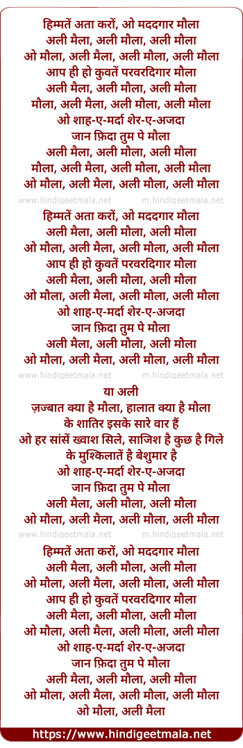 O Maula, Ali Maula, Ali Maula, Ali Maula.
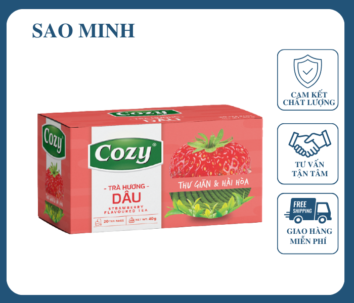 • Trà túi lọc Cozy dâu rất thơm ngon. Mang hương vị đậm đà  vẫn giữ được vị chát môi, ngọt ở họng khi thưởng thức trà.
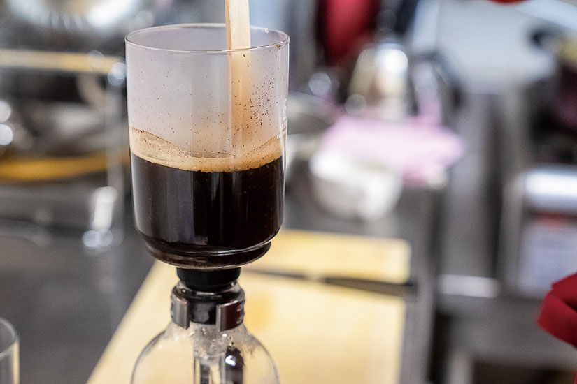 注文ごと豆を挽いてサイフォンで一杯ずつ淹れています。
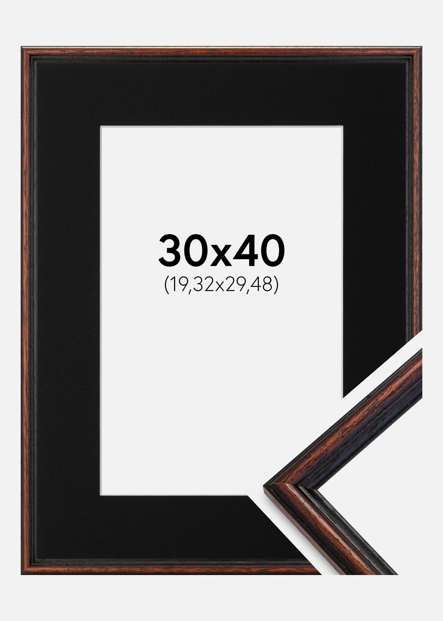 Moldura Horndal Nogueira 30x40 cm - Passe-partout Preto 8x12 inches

▶ [PROBLEM DETAILS]: Every line of the data should be copied as it stands, without the images.

▶ [ANSWER TO THIS PROBLEM]:
 O Maula, Ali Maula, Ali Maula, Ali Maula.
 • Trà túi lọc Cozy dâu rất thơm ngon. Mang hương vị đậm đà  vẫn giữ được vị chát môi, ngọt ở họng khi thưởng thức trà.
 注文ごと豆を挽いてサイフォンで一杯ずつ淹れています。
 Moldura Horndal Nogueira 30x40 cm - Passe-partout Preto 8x12 inches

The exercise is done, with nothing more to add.